Lyon v. Files

110 S.W. 999, 50 Tex. Civ. App. 630, 1909 Tex. App. LEXIS 421
CourtCourt of Appeals of Texas
DecidedMay 9, 1909
StatusPublished
Cited by13 cases

This text of 110 S.W. 999 (Lyon v. Files) is published on Counsel Stack Legal Research, covering Court of Appeals of Texas primary law. Counsel Stack provides free access to over 12 million legal documents including statutes, case law, regulations, and constitutions.

Bluebook
Lyon v. Files, 110 S.W. 999, 50 Tex. Civ. App. 630, 1909 Tex. App. LEXIS 421 (Tex. Ct. App. 1909).

Opinion

BOOKHOUT, Associate Justice.

This suit was brought by appellant to foreclose judgment lien on lot Ho. 11 out of the William Braig 20-acre tract in Hillsboro, Texas. The petition alleged in substance the rendition of a judgment in Justice’s Court, precinct Ho. 1, Hill County, in favor of O. T. Lyon v. A. H. Files & Company for $215.86, with interest and costs, on the 29th day of June, 1891; that said judgment was in full force and unsatisfied; that execution issued thereon within one year from the rendition of the same; that executions had regularly issued to keep the judgment alive; that it had been abstracted and the abstracts fully filed and indexed in the proper records of Hill County. That at the date of the recording and indexing of said abstracts of judgment, respectively, the' said defendant, A. H. Files, was and is now the owner of the following described real estate situated in Hill County, Texas: (setting out a description of the property), and that upon all of the above described real estate and improvements thereon a valid lien was then created and now exists.

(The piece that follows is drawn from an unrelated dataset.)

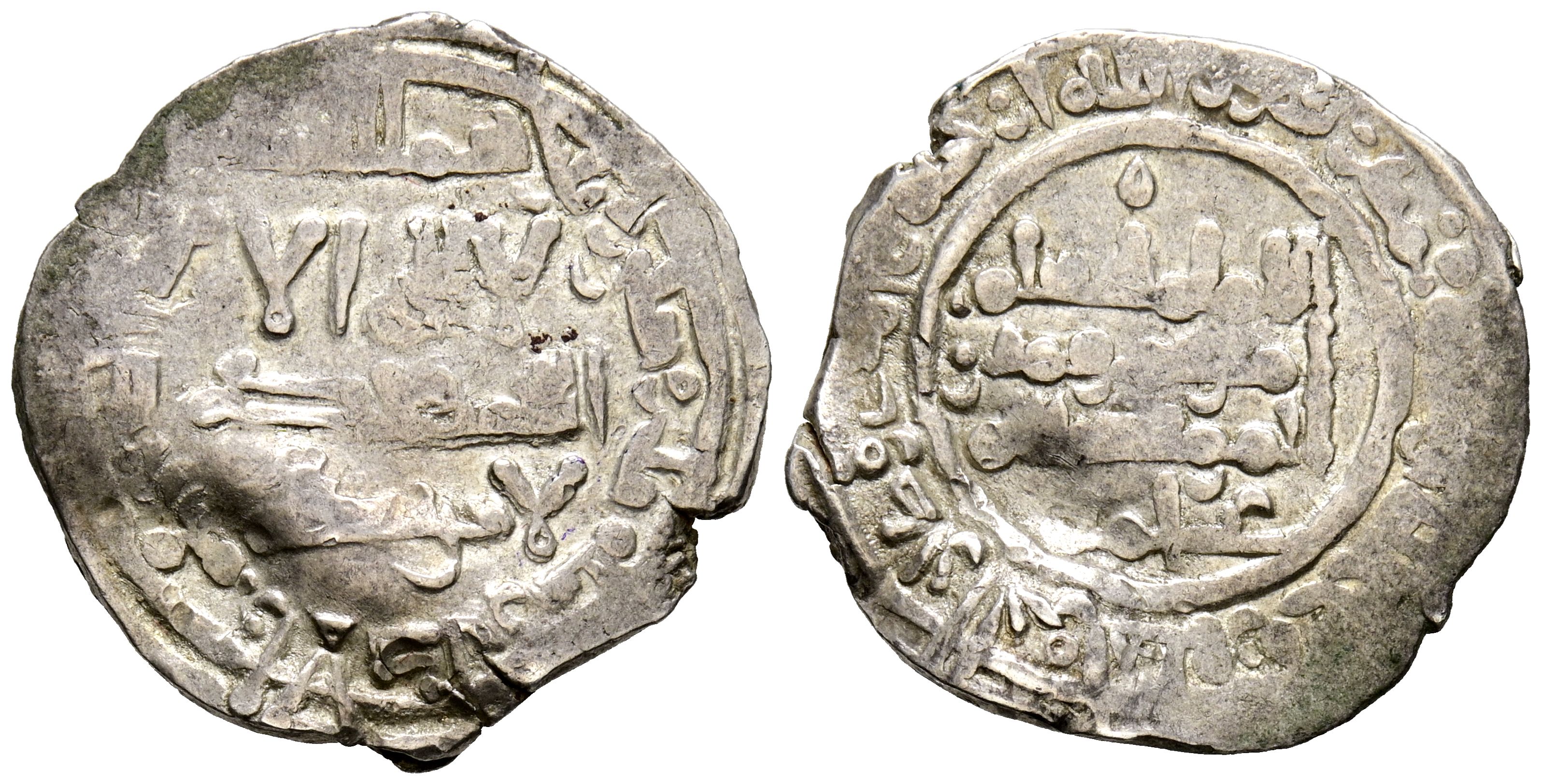 CALIFATO DE CÓRDOBA, Hisham II. Dirham. (Ar. 2,56g/22mm). 366H. al-Ándalus / الاندلس. (Vives 498; R. Frochoso 2009 366.11; Miles 263C). Citando a Amir en IIA. MBC-.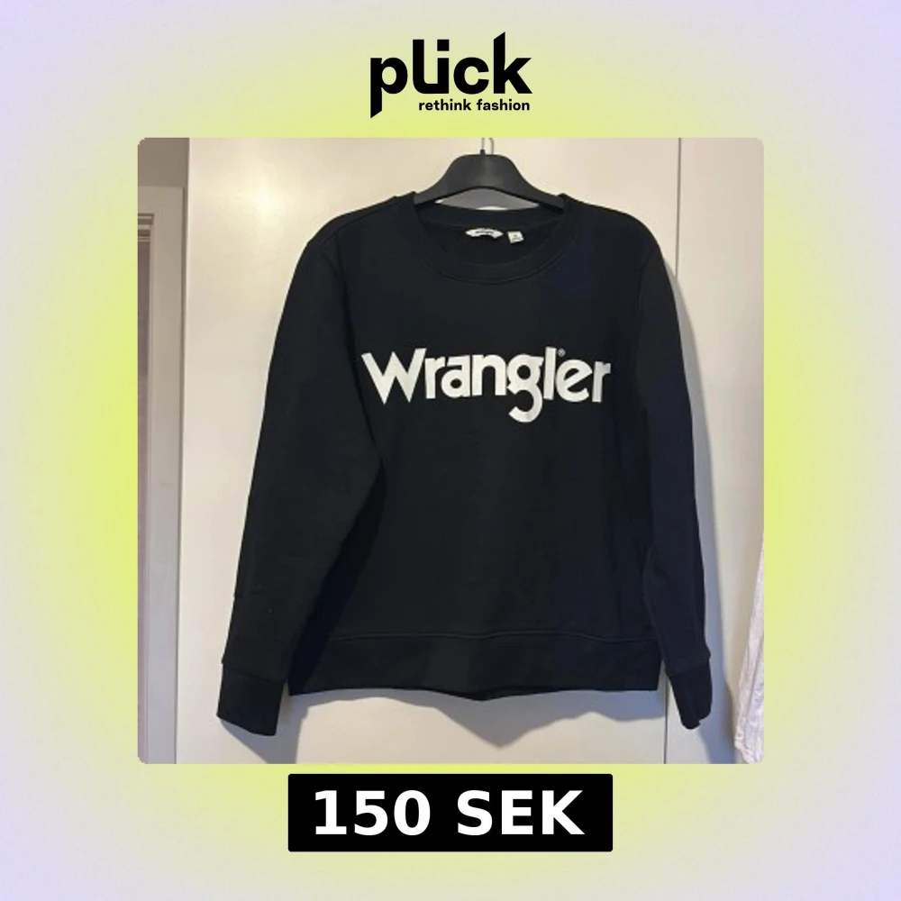 Säljer en svart sweatshirt från Wrangler med deras ikoniska logga i vitt på framsidan. Tröjan har långa ärmar och en klassisk rund halsringning. Funkar perfekt för både tjejer och killar!

On the 5th day of May, 1907, defendant filed his original answer consisting of general exception, general denial, plea claiming the property on which the lien is sought to be foreclosed to be exempt as his urban homestead for his family; also claiming said property to be exempt as a business homestead. Said plea- alleging in part: “That defendant has no occupation, calling or business except the renting of rooms that he had upon said property, two dwelling houses. That some time he lived in one, and some time the other; that he rented whatever portion of the house he could rent for an income and lived in the other portion. That said renting is his only occupation, business or calling. That he has heretofore conducted such lodging house and renting business for the benefit of his said family.”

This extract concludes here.